Denpasar, (ANTARA) – Tim penilai Dinas Kebudayaan Kota Denpasar, Bali mengumumkan total 32 nominasi dari 163  Ogoh-Ogoh (boneka raksasa) yang dilombakan, setelah menuntaskan penilaian di empat kecamatan setempat, jelang Nyepi.

Sekretaris Dinas Kebudayaan Kota Denpasar Dewa Gde Juli Artabrata, didampingi Kabid Kebudayaan sekaligus Ketua Panitia Lomba  Ogoh-Ogoh  Made Wedana di Denpasar, Jumat, menjelaskan bahwa seluruh tahapan mulai dari pendaftaran, penilaian hingga pengumuman hasil penilaian telah dilaksanakan sesuai dengan ketentuan.

“Disbud Kota Denpasar mengumumkan delapan nominasi di masing-masing kecamatan yang keseluruhannya berjumlah 32 `Ogoh-Ogoh”,” katanya.

Ia mengatakan, hasil penilaian dewan juri bersifat transparan serta tidak dapat diganggu-gugat. Boneka raksasa pemenang tersebut berhak atas uang pembinaan sebesar Rp10 juta.

Dewa Juli menjelaskan, dari sebanyak 163 “Ogoh-Ogoh” yang mengikuti seleksi, Banjar Dukuh Mertajati, Kelurahan Sidakarya dan Banjar Mertha Rauh Kaja Desa Dangin Puri Kaja mendapat nilai tertinggi.
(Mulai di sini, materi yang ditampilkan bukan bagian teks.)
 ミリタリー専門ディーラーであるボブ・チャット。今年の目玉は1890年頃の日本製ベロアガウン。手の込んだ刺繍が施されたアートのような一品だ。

Ia mengatakan “Ogoh-Ogoh” yang berbahan dasar ramah lingkungan ini nantinya akan diserahkan kembali ke desa pakraman masing-masing untuk mengatur jalannya perayaan malam  pangerupukan  atau sehari sebelum Nyepi.
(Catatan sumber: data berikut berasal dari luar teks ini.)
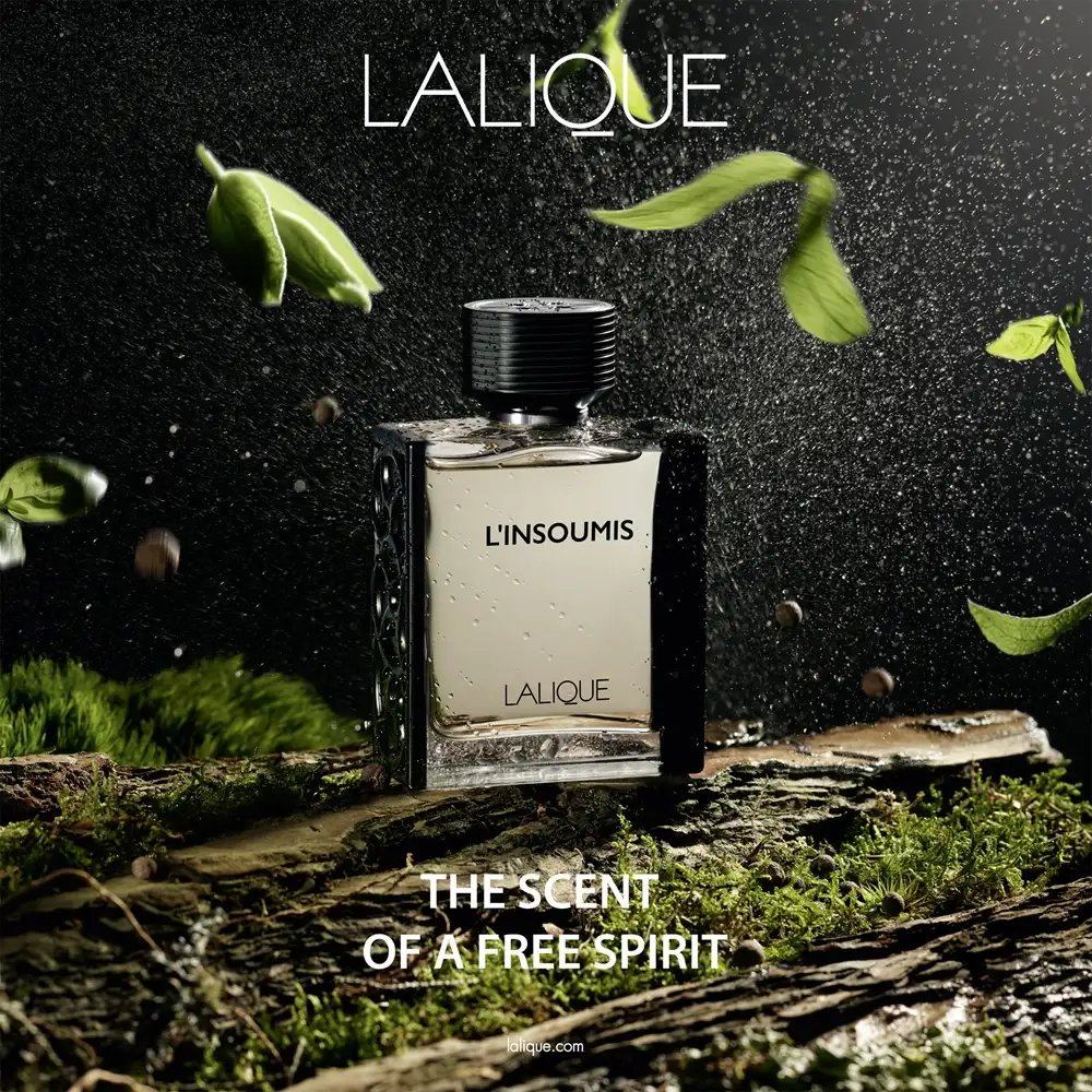L’Insoumis de Lalique est un parfum aromatique boisé pour hommes. L’Insoumis a été lancé en 2016. Le nez derrière ce parfum est Fabrice Pellegrin. Les notes de tête sont basilic, rhum et bergamote ; les notes de milieu sont Clary Sage, Lavender et Black Pepper ; les notes de base sont Woody Notes, Haitian Vetiver, Patchouli et Moss.
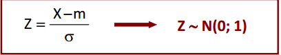 Aqui se puede ver lo que digo. Sin embargo, en este caso, la variable es Z y no nuestra X y además la media es 0. Así que se hace un cambio de escala donde modificamos nuestra variable X para que nos de en función de Z y esta la tenemos tabulada. La formula para este cambio es:
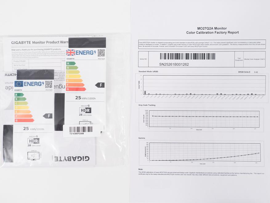 Бумажных материалов в коробке достаточно много, и на первых порах они действительно могут пригодиться. Отчёт о заводской калибровке режима sRGB намекает на то, что работать в нём можно без дополнительных вмешательств в рабочие параметры со стороны пользователя — высокая точность будет обеспечена.

“Dinas Kebudayaan Kota Denpasar hanya melakukan penilaian, selanjutnya nantinya setelah itu seluruh ogoh-ogoh akan dikembalikan ke desa pakraman setempat serangkaian malam `pengerupukan,” ujarnya.
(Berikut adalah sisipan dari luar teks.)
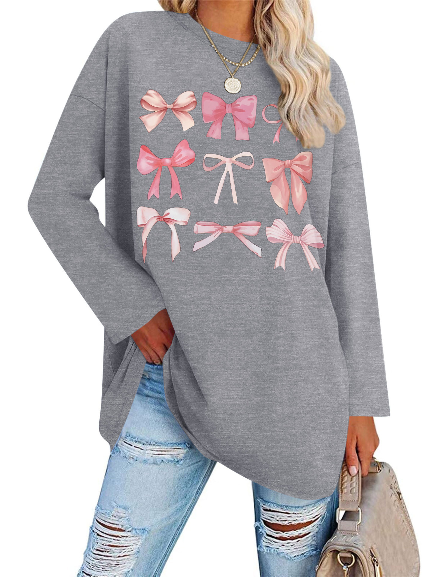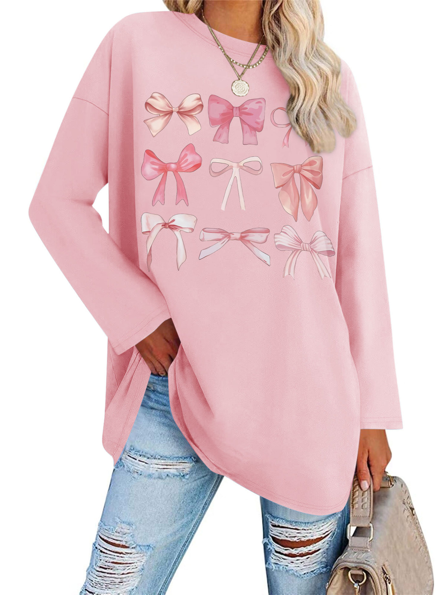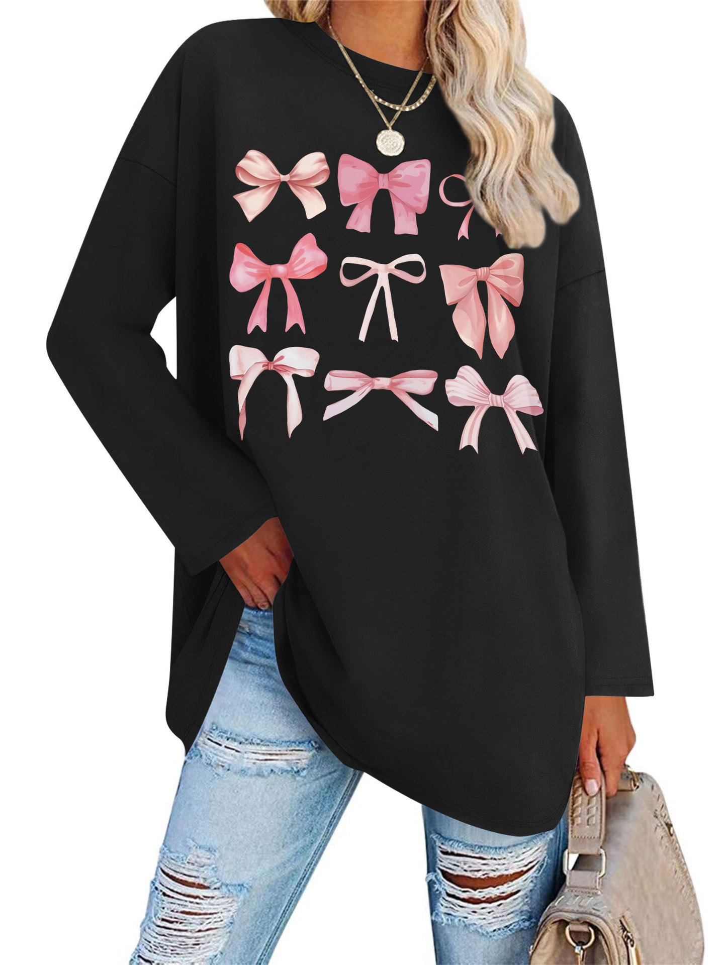 2023欧美跨境女士t恤亚马逊宽松字母印花落肩袖圆领长袖上衣

Ia menyampaikan selamat kepada 32 nominasi ogoh-ogoh yang beruntung, sedangkan sisanya yang belum beruntung harus berbesar hati dan terus berusaha di tahun depan dengan karya-karya kreatif sebagai bentuk pelestarian seni dan budaya Bali.

Dalam kesempatan tersebut Dewa Juli turut mengimbau kepada peserta pawai “Ogoh-Ogoh” untuk tidak mengkonsumsi minuman keras sebelum atau saat mengarak boneka raksasa menyeramkan itu.

“Mari bersama-sama kita menghormati serangkaian pelaksanaan Hari Suci Nyepi dengan bersama-sama menjaga ketertiban serta tidak menggunakan pengeras suara agar terhindar dari permasalahan yang riskan terjadi pada saat pawai “Ogoh-Ogoh” saat malam `pengerupukan`,” katanya.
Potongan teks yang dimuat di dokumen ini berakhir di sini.